Give the data again exactly, without its images.
##### Supplied data #####
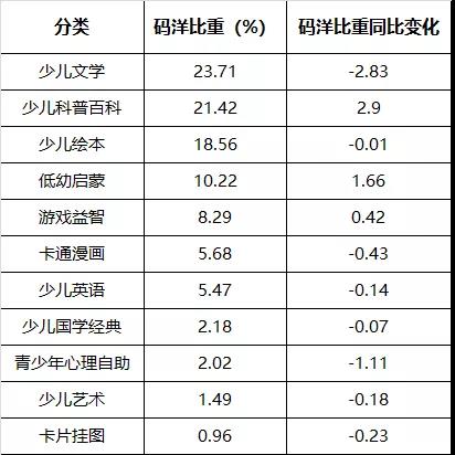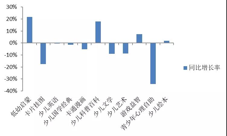 从不同细分市场来看,少儿图书市场中除了低幼启蒙、少儿科普百科、游戏益智、少儿绘本类外,其余类别均出现同比下滑。其中码洋规模较大的少儿绘本和少儿科普百科类同比增长率最大,分别达到21.76%和17.93%,对市场上升拉动作用最明显。青少年心理自助类同比增长率最小,为-34.22%,但其码洋规模较小对少儿整体市场成长性影响不大。
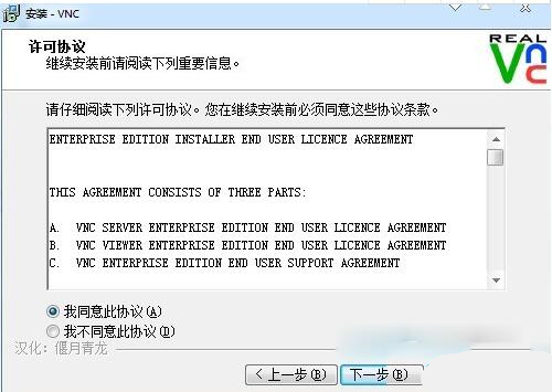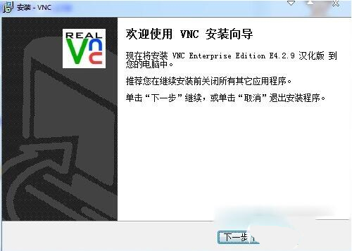 1、首先电脑上需要安装VNC服务端。双击下载下来的安装程序出现安装界面,点击下一步
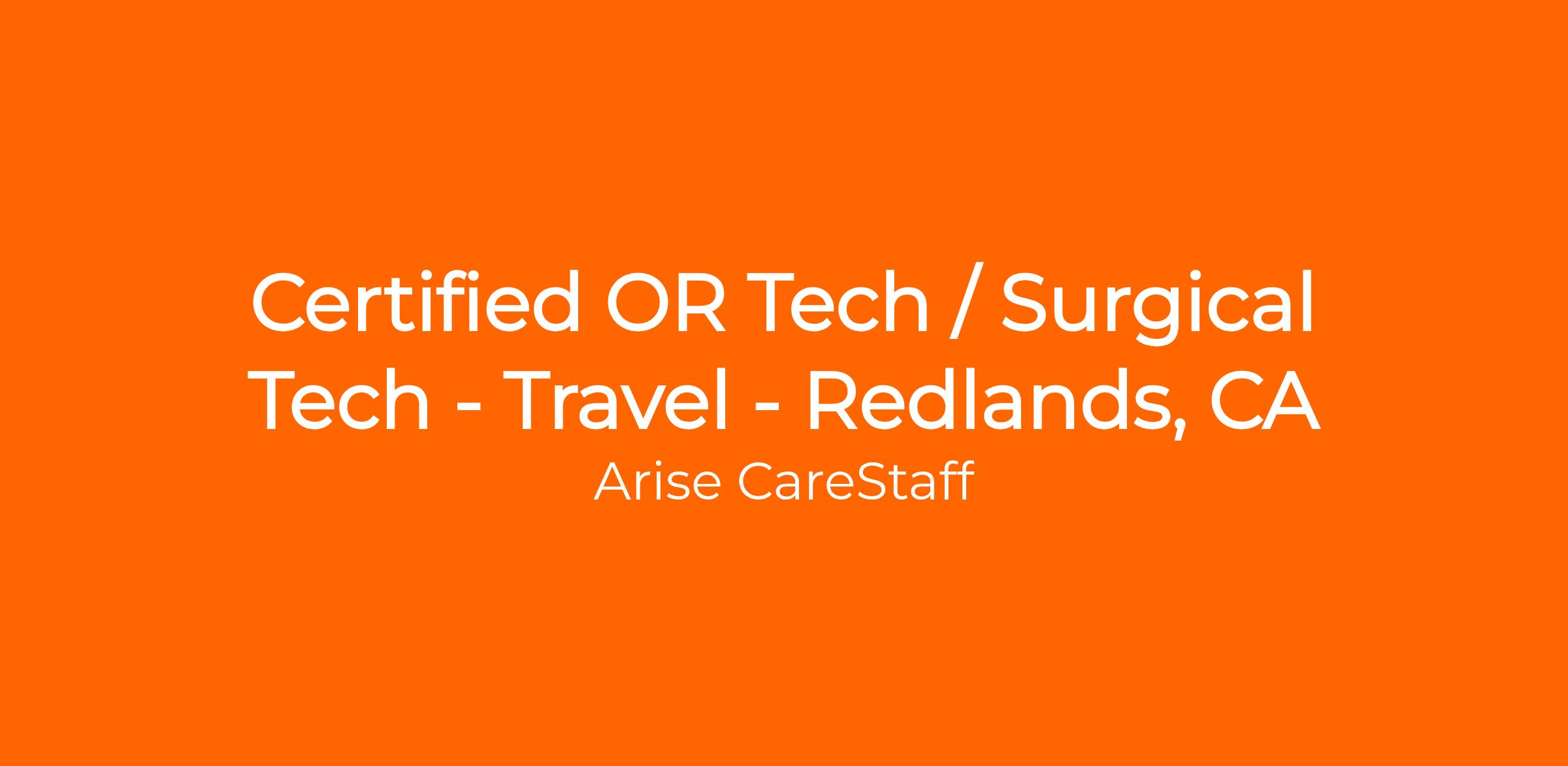 Arise CareStaff is looking for an experienced OR Tech Surgical Technician to work for our client healthcare facility in Redlands, CA
#####
→ **Response for this exercise**:
 从不同细分市场来看,少儿图书市场中除了低幼启蒙、少儿科普百科、游戏益智、少儿绘本类外,其余类别均出现同比下滑。其中码洋规模较大的少儿绘本和少儿科普百科类同比增长率最大,分别达到21.76%和17.93%,对市场上升拉动作用最明显。青少年心理自助类同比增长率最小,为-34.22%,但其码洋规模较小对少儿整体市场成长性影响不大。
 1、首先电脑上需要安装VNC服务端。双击下载下来的安装程序出现安装界面,点击下一步
 Arise CareStaff is looking for an experienced OR Tech Surgical Technician to work for our client healthcare facility in Redlands, CA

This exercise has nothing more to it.